The Tax Deduction Opportunities Multifamily Developers Are Missing
Multifamily continues to be in high demand. As more people flock to cities for live-work-play lifestyles, developers cannot build apartments fast enough to meet the needs of swelling urban populations. Properties are often fully leased before construction is completed. While this provides immediate rental income, it also results in sooner-than-desired federal and state tax liabilities.
The increased income tax burden could adversely impact the cash flow and retained earnings of property portfolios. There are provisions in the federal tax code to defer income taxes, enabling owners to save the money or apply it to a more strategic use. Proper analysis of assets could result in significant tax deferral.
Cost segregation studies
Cost segregation is an IRS-accepted income tax deferral strategy to increase cash flow, and is ideal for real estate developers and investors. The cost segregation study takes into account an analysis of a building’s components and their costs to properly classify them for tax depreciation purposes. This often results in more personal property identified from the mechanical, electrical and plumbing systems of a building.
The reclassification significantly shortens tax lives to five, seven and 15 years vs. the standard 27.5 years for residential rental properties. Whether building, remodeling or purchasing a multifamily property, cost segregation can defer income taxes and boost cash flow.
“Typically we are able to reclassify 20% to 25% of the construction costs and create some significant tax deferral, which frees up cash when they are completing their first year of operations,” Moss Adams partner Derek Criswell said. “It also frees up capital for new projects, and doesn’t limit the expansion of their portfolios.”
Repairs and maintenance
The IRS has recently clarified which items can be classified for immediate expensing, creating a new opportunity for more nuanced analysis.
The scope of cost segregation studies related to remodeling has expanded with rules related to improvement of tangible personal property. Rather than just determining which items qualify for accelerated depreciation, studies are now being used to determine if certain costs should be expensed immediately instead of being depreciated over time. It can also be used to determine whether certain assets already being depreciated should be disposed (getting rid of an asset through retirement or other method) or expensed.
“These tax regulations came out and were effective in 2014, but some people are late to the game.
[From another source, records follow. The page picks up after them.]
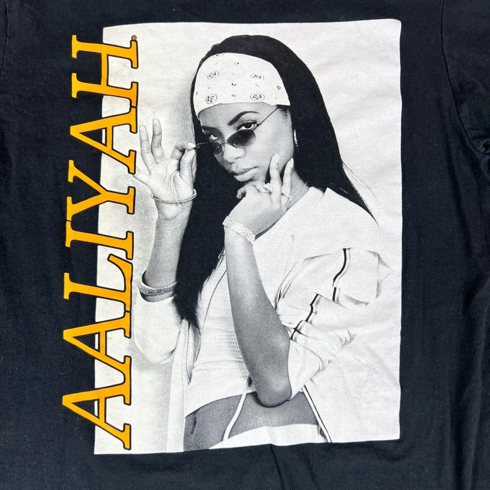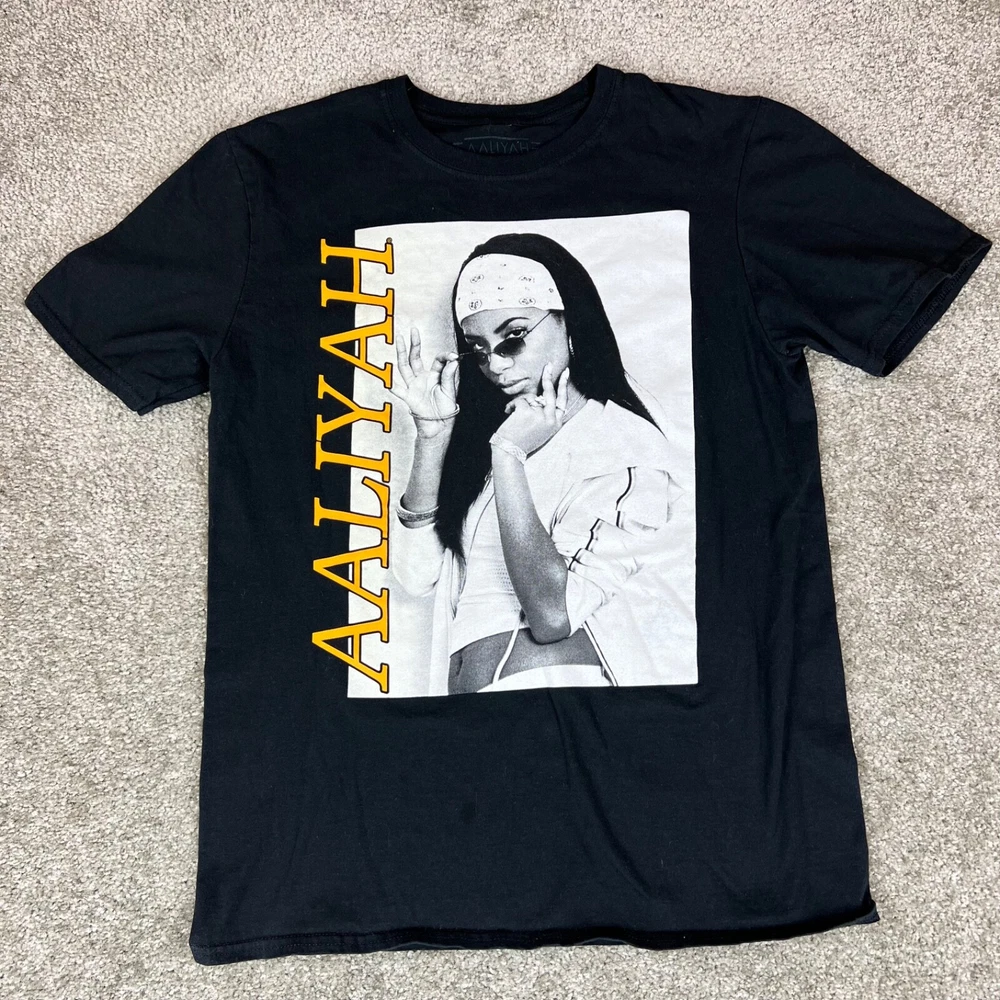 AALIYAH Black & White Portrait Graphic T-Shirt Tee Women’s Sz Med 100% Cotton Size: Medium (Approximate Measurements from seam to seam W 18.5 in x L 27 in) Measurements: Check photos above for measurements. Good preowned quality. No holes. *Please note, there is a stain on the bottom of the shirt on the front. PLEASE SEE ALL PHOTOS* Please note, item measurements are approximate. Previous washings may change the sizing. It is important to note that before purchashing, please compare the measurements provided with those of one of your existing garments for the right fit. We store our items in a pet and smoke free environment We ship daily Your satisfaction is very important to us. If you are not completely satisfied with your purchase, please give us a chance to make things right. Please note original shipping will not be refunded on refunds. Thank you.
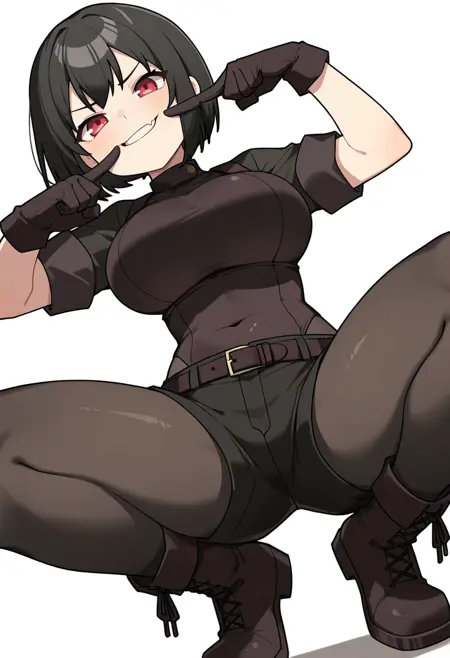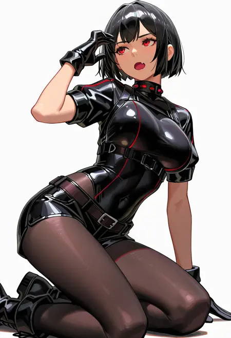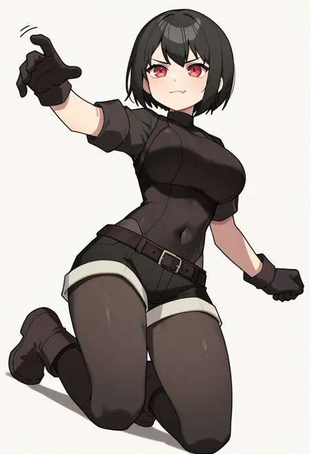 covered navel, black gloves, leotard, shorts, black pantyhose, belt, boots, short sleeves,
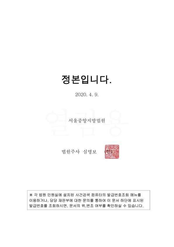 결정문 2020년 04월 09일 [서울중앙지방법원 1심 화해권고결정문]
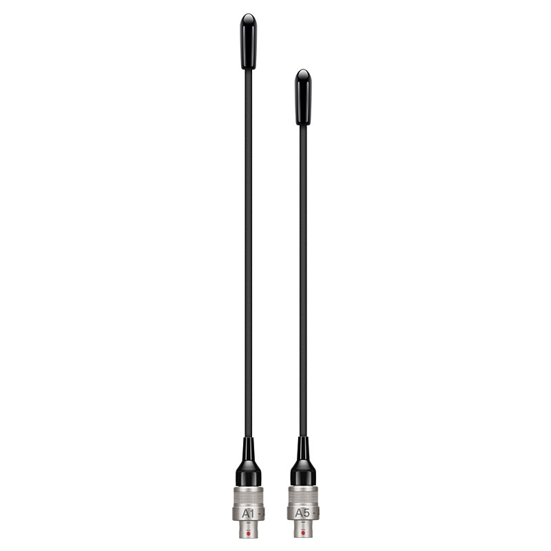 Replacement, detachable antenna with threaded coaxial connector for use with SK 6212, SK 6000 and SK 9000 wireless bodypack transmitters. Antennas are frequency-specific: Antenna A1 - A4 (470 - 558 MHz; 133 mm long) or Antenna A5 - A8 (550 - 638 MHz; 116 mm long).
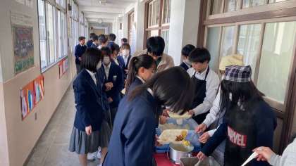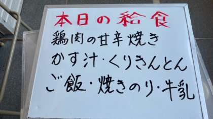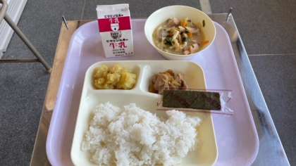 今日の給食は、鶏肉の甘辛焼き、かす汁、栗きんとん、焼き海苔です。

The regulations are complicated,” Moss Adams partner Jarret Rea said. "People may not be aware of this opportunity.”
Moss Adams often helps clients understand the newer taxpayer-friendly laws and take a smarter approach to capitalization.
“By virtue of the dollar amount that goes into a renovation, a business might automatically think that they need to capitalize the costs, which could be a missed opportunity to expense certain items under the new IRS regulations,” Moss Adams Senior Manager Duwayne Sibley said.
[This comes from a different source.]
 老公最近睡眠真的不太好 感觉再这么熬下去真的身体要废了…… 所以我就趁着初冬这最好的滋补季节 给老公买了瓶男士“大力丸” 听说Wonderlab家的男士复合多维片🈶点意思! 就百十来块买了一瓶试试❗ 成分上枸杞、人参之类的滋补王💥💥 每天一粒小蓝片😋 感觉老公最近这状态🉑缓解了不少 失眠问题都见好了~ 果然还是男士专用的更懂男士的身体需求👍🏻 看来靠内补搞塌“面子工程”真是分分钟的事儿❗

Retrospective deduction opportunities and timing issues
Enacted as part of the Energy Policy Act in 2005, Section 179D, the Energy Efficient Commercial Buildings Tax deduction has been a popular deduction for those constructing energy-efficient buildings.
Although the deduction has not yet been extended to buildings placed in service after Dec. 31, 2016, there is still opportunity for conducting studies looking back on a prior period. These studies provide taxpayers with a deduction of up to $1.80/SF for buildings of at least four stories tall that meet certain efficiency standards.
The deduction can be applied to current year tax returns without the need for an amended tax return by way of a Change in Accounting Method, Form 3115.
There is currently a plan from the White House and congressional leaders to lower tax rates for businesses. Deductions applied at the current higher rates make them even more valuable in today’s rate structure.
Those who can benefit from a cost segregation study or increases in expensing should take a serious look at performing an analysis sooner rather than later.